◆ What needs to be done ◆
Could you give the listing again exactly, without its pictures?

::: Supplied data :::

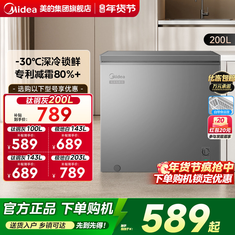 美的100/143/200L冰柜家用小型冷柜冷冻冷藏一级母乳冰箱官方旗舰
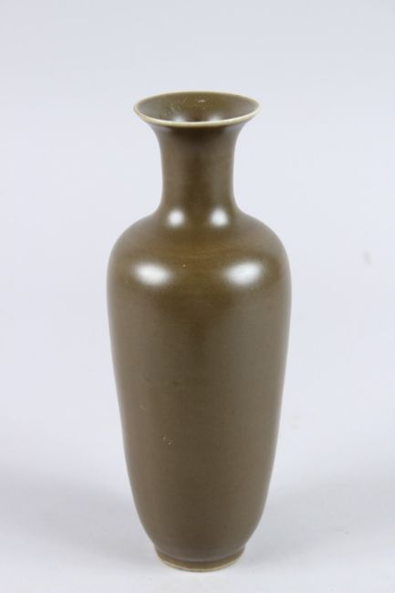 A SMALL CHINESE PLAIN BROWN VASE.
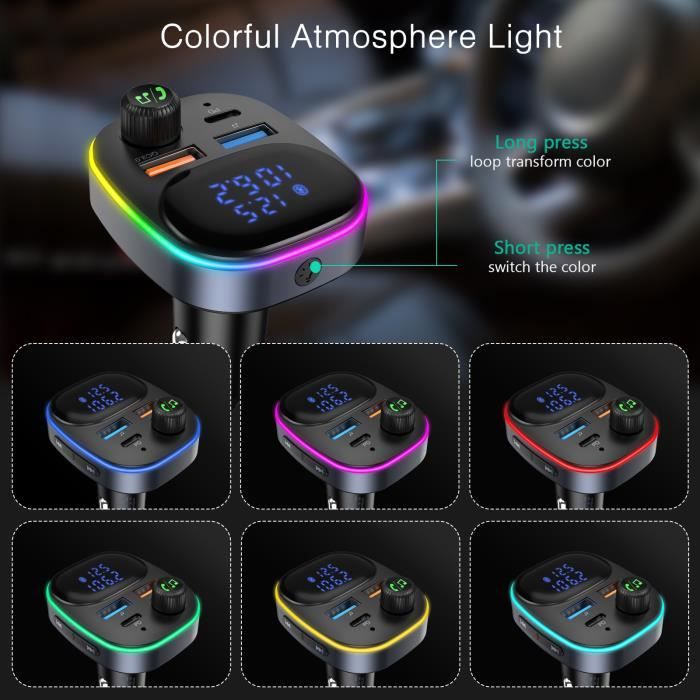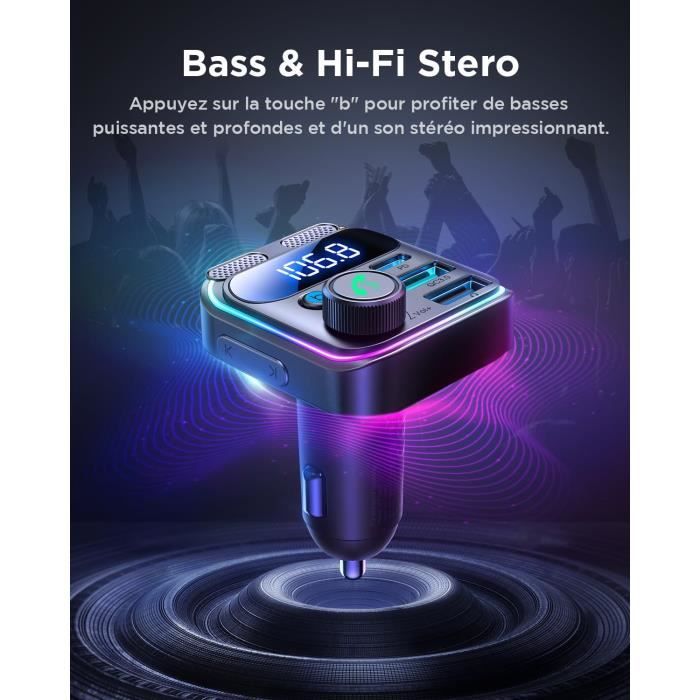 Plage de fréquences FM : 87,5-108,0 MHz ) Portée Bluetooth : 5-10 m Fréquence FM : 87,5-108 MHz Dimensions du Colis : 6,2 × 4,8 × 13 cm Poids: 50g Contenu du Colis : 1 * Transmetteur FM 1 * Manuel d’Utilisation Achetez ORIA Transmetteur FM Bluetooth 5.3 pour Voiture, PD 30W et QC3.0 18 W, Chargeur de Voiture Rapide, Adaptateur Radio sans Fil, Kit de Voiture avec Lumière d'Ambiance LED, Appels Mains Libres Largement compatible : notre adaptateur transmetteur FM Bluetooth 5.3 est adapté aux radios embarquées, transmettant les appels, la musique MP3 et la voix du téléphone portable aux haut-parleurs de la voiture Gérez facilement vos appels avec un seul bouton : appuyez brièvement pour répondre, appuyez longuement pour rejeter et double-cliquez pour recomposer, pour une conduite plus sûre et plus confortable ORIA Émetteur FM Bluetooth 5.3 pour Voiture, Adaptateur La lumière d'ambiance ajuste automatiquement sa luminosité à la mise sous tension, créant une atmosphère animée. Écoutez votre musique via Bluetooth ou une clé USB (jusqu'à 64 Go), compatible avec les formats MP3, WAV, APE et FLAC, avec lecture de la mémoire même hors tension Emetteur Bluetooth Appareil Bluetooth Pour Voiture Transmetteur FM - Bluetooth - Adaptateur Radio - Mains Libres - QC3.0 - Lumière Colorée - Auto Bluetooth Voiture Adaptateur Allume-cigare Charge Rapide PD30W FM Le port USB prend également en charge la lecture de musique sur clé USB pour plus de commodité , Technologie Bluetooth 5., 3 Stable: Équipé de la technologie Bluetooth 5., 3 avancée, cet adaptateur Bluetooth pour voiture offre des connexions plus rapides et plus stables avec reconnexion automatique, éliminant ainsi les appairages répétés. Description du produit Caractéristiques : 1., Ce transmetteur FM est doté d'un port PD (30 W) et de deux ports USB (18 W + 5 V/2,4 A) pour une charge rapide et la lecture de musique depuis une clé USB 2., Le Bluetooth 5., 3 assure une connexion stable avec reconnexion automatique, tandis que la réduction du bruit CVC offre un son plus clair 3., Le micro intégré permet les appels mains libres grâce à des commandes simples pour répondre, rejeter et recomposer des appels 4., Une lumière changeante ajuste automatiquement la luminosité et se synchronise avec le volume de la musique pour un effet dynamique 5., La puce intelligente optimise la vitesse de charge grâce à de multiples protections et prend en charge la lecture de musique via Bluetooth ou USB (64 Go max) Spécifications : Bluetooth : V5., 3 Puissance QC3., 0 : 18 W (max. ) Puissance PD : 30 W (max.
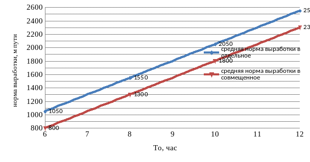 Из графика видно, что фронт выполненных работ в отдельное «окно» продолжительностью 9 часов, составит 1800 метров пути, фронт выполненных работ в совмещенное «окно» продолжительностью 9 часов, составит 1550 метров пути.
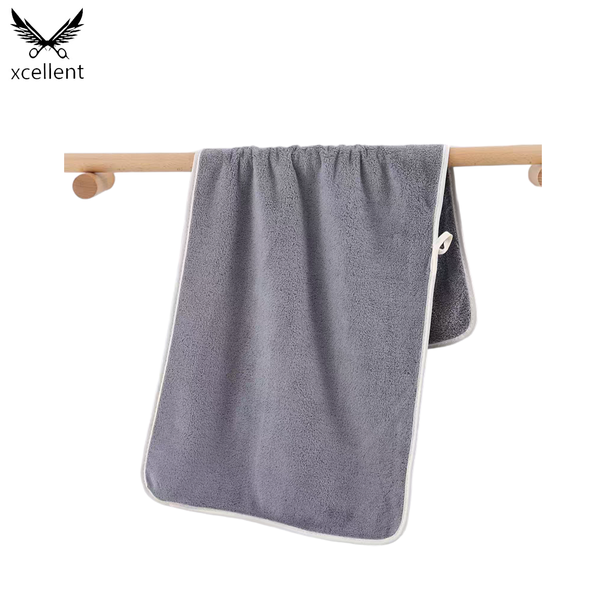 发廊毛巾采用高品质柔软面料,吸水性强且耐用,触感舒适亲肤。灰色底配白色边设计,简约大方,适合发廊、美容院及家庭使用。
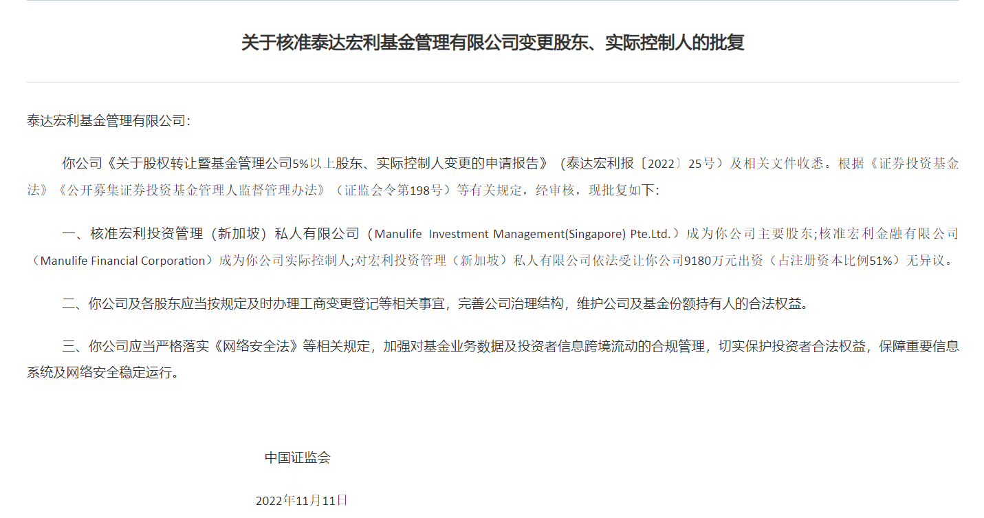 公告显示,11月11日,证监会核准宏利投资管理(新加坡)私人有限公司(Manulife Investment Management(Singapore) Pte.Ltd.)成为泰达宏利基金主要股东;核准宏利金融有限公司(Manulife Financial Corporation)成为泰达宏利基金实际控制人;对宏利投资管理(新加坡)私人有限公司依法受让泰达宏利基金9180万元出资(占注册资本比例51%)无异议。
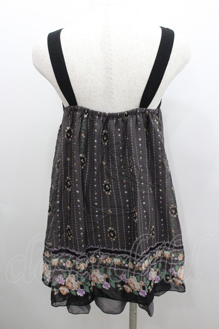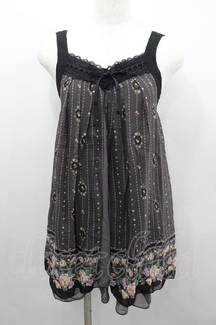 axes femme / ストライプフラワープリントノースリーブトップス グレーX黒 I-26-02-08-060-AX-TO-SA-ZI
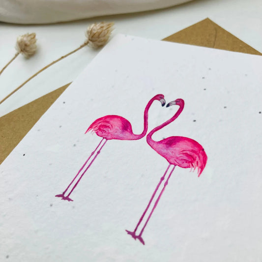 Einpflanzbare Karte aus handgemachtem Saatpapier | Ich liebe dich Flamingo
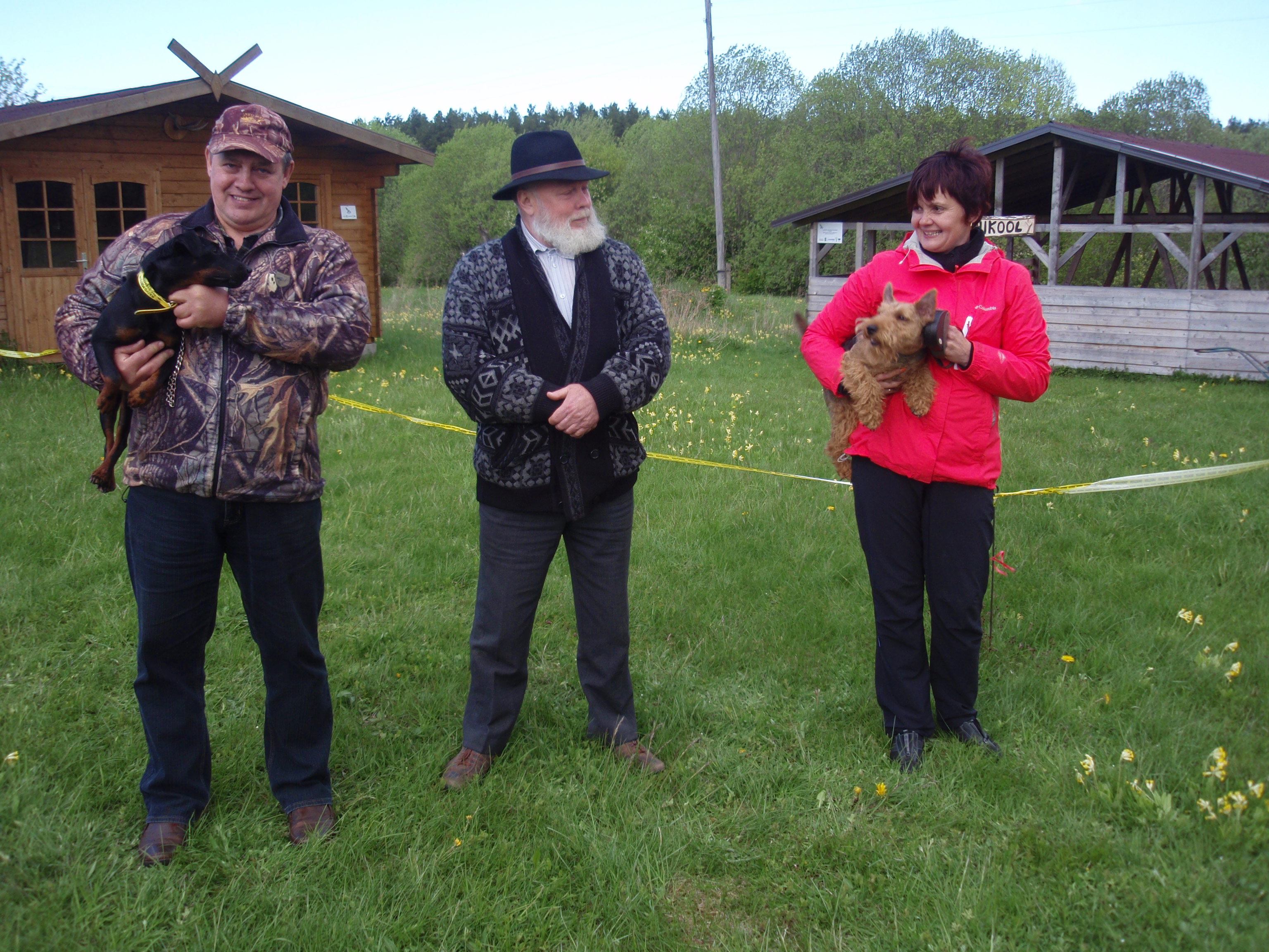 Sellega on vist nii,et annad näpu,võtavad käe,jala,käpa ja kogu ülejäänu ka :wink: .Ühesõnaga sõitsime pea 500km maha ja käisime Lätis urukatset tegemas.Tore oli (y) ,kuigi päev venis päris väsitavalt pikaks.Täpselt ei lugenud aga Eestist oli vist 13 koera.Katsed saab seal teha nii,et peni haugub otse vastu kährikut või mäkra,mitte läbi siibri.Kõvemad vennad löövad ikka hambad sisse ka :) .Eesti koerad olid enamasti kõik tublid.Saksa jahiterjeritest olid kõvad tegijad Indreku Brax ja Aili Ärtu.Brita sai ka oma teise järgu kährikule ja kolmanda mägrale kätte (y) .Imestama pani(või võib-olla ei pannud ka)üks Läti jahiterjer.Koera nägu näitas oma armidega,et tegu on kõva jahikoeraga aga mägrakatset ta ära ei teinudki.Piltidel on siis katseaed ja allesjäänud eestlased :wink:Keskmised kolm püsti seisvat prouat on kohtunikud.

:::

◆ Written solution ◆
 美的100/143/200L冰柜家用小型冷柜冷冻冷藏一级母乳冰箱官方旗舰
 A SMALL CHINESE PLAIN BROWN VASE.
 Plage de fréquences FM : 87,5-108,0 MHz ) Portée Bluetooth : 5-10 m Fréquence FM : 87,5-108 MHz Dimensions du Colis : 6,2 × 4,8 × 13 cm Poids: 50g Contenu du Colis : 1 * Transmetteur FM 1 * Manuel d’Utilisation Achetez ORIA Transmetteur FM Bluetooth 5.3 pour Voiture, PD 30W et QC3.0 18 W, Chargeur de Voiture Rapide, Adaptateur Radio sans Fil, Kit de Voiture avec Lumière d'Ambiance LED, Appels Mains Libres Largement compatible : notre adaptateur transmetteur FM Bluetooth 5.3 est adapté aux radios embarquées, transmettant les appels, la musique MP3 et la voix du téléphone portable aux haut-parleurs de la voiture Gérez facilement vos appels avec un seul bouton : appuyez brièvement pour répondre, appuyez longuement pour rejeter et double-cliquez pour recomposer, pour une conduite plus sûre et plus confortable ORIA Émetteur FM Bluetooth 5.3 pour Voiture, Adaptateur La lumière d'ambiance ajuste automatiquement sa luminosité à la mise sous tension, créant une atmosphère animée. Écoutez votre musique via Bluetooth ou une clé USB (jusqu'à 64 Go), compatible avec les formats MP3, WAV, APE et FLAC, avec lecture de la mémoire même hors tension Emetteur Bluetooth Appareil Bluetooth Pour Voiture Transmetteur FM - Bluetooth - Adaptateur Radio - Mains Libres - QC3.0 - Lumière Colorée - Auto Bluetooth Voiture Adaptateur Allume-cigare Charge Rapide PD30W FM Le port USB prend également en charge la lecture de musique sur clé USB pour plus de commodité , Technologie Bluetooth 5., 3 Stable: Équipé de la technologie Bluetooth 5., 3 avancée, cet adaptateur Bluetooth pour voiture offre des connexions plus rapides et plus stables avec reconnexion automatique, éliminant ainsi les appairages répétés. Description du produit Caractéristiques : 1., Ce transmetteur FM est doté d'un port PD (30 W) et de deux ports USB (18 W + 5 V/2,4 A) pour une charge rapide et la lecture de musique depuis une clé USB 2., Le Bluetooth 5., 3 assure une connexion stable avec reconnexion automatique, tandis que la réduction du bruit CVC offre un son plus clair 3., Le micro intégré permet les appels mains libres grâce à des commandes simples pour répondre, rejeter et recomposer des appels 4., Une lumière changeante ajuste automatiquement la luminosité et se synchronise avec le volume de la musique pour un effet dynamique 5., La puce intelligente optimise la vitesse de charge grâce à de multiples protections et prend en charge la lecture de musique via Bluetooth ou USB (64 Go max) Spécifications : Bluetooth : V5., 3 Puissance QC3., 0 : 18 W (max. ) Puissance PD : 30 W (max.
 Из графика видно, что фронт выполненных работ в отдельное «окно» продолжительностью 9 часов, составит 1800 метров пути, фронт выполненных работ в совмещенное «окно» продолжительностью 9 часов, составит 1550 метров пути.
 发廊毛巾采用高品质柔软面料,吸水性强且耐用,触感舒适亲肤。灰色底配白色边设计,简约大方,适合发廊、美容院及家庭使用。
 公告显示,11月11日,证监会核准宏利投资管理(新加坡)私人有限公司(Manulife Investment Management(Singapore) Pte.Ltd.)成为泰达宏利基金主要股东;核准宏利金融有限公司(Manulife Financial Corporation)成为泰达宏利基金实际控制人;对宏利投资管理(新加坡)私人有限公司依法受让泰达宏利基金9180万元出资(占注册资本比例51%)无异议。
 axes femme / ストライプフラワープリントノースリーブトップス グレーX黒 I-26-02-08-060-AX-TO-SA-ZI
 Einpflanzbare Karte aus handgemachtem Saatpapier | Ich liebe dich Flamingo
 Sellega on vist nii,et annad näpu,võtavad käe,jala,käpa ja kogu ülejäänu ka :wink: .Ühesõnaga sõitsime pea 500km maha ja käisime Lätis urukatset tegemas.Tore oli (y) ,kuigi päev venis päris väsitavalt pikaks.Täpselt ei lugenud aga Eestist oli vist 13 koera.Katsed saab seal teha nii,et peni haugub otse vastu kährikut või mäkra,mitte läbi siibri.Kõvemad vennad löövad ikka hambad sisse ka :) .Eesti koerad olid enamasti kõik tublid.Saksa jahiterjeritest olid kõvad tegijad Indreku Brax ja Aili Ärtu.Brita sai ka oma teise järgu kährikule ja kolmanda mägrale kätte (y) .Imestama pani(või võib-olla ei pannud ka)üks Läti jahiterjer.Koera nägu näitas oma armidega,et tegu on kõva jahikoeraga aga mägrakatset ta ära ei teinudki.Piltidel on siis katseaed ja allesjäänud eestlased :wink:Keskmised kolm püsti seisvat prouat on kohtunikud.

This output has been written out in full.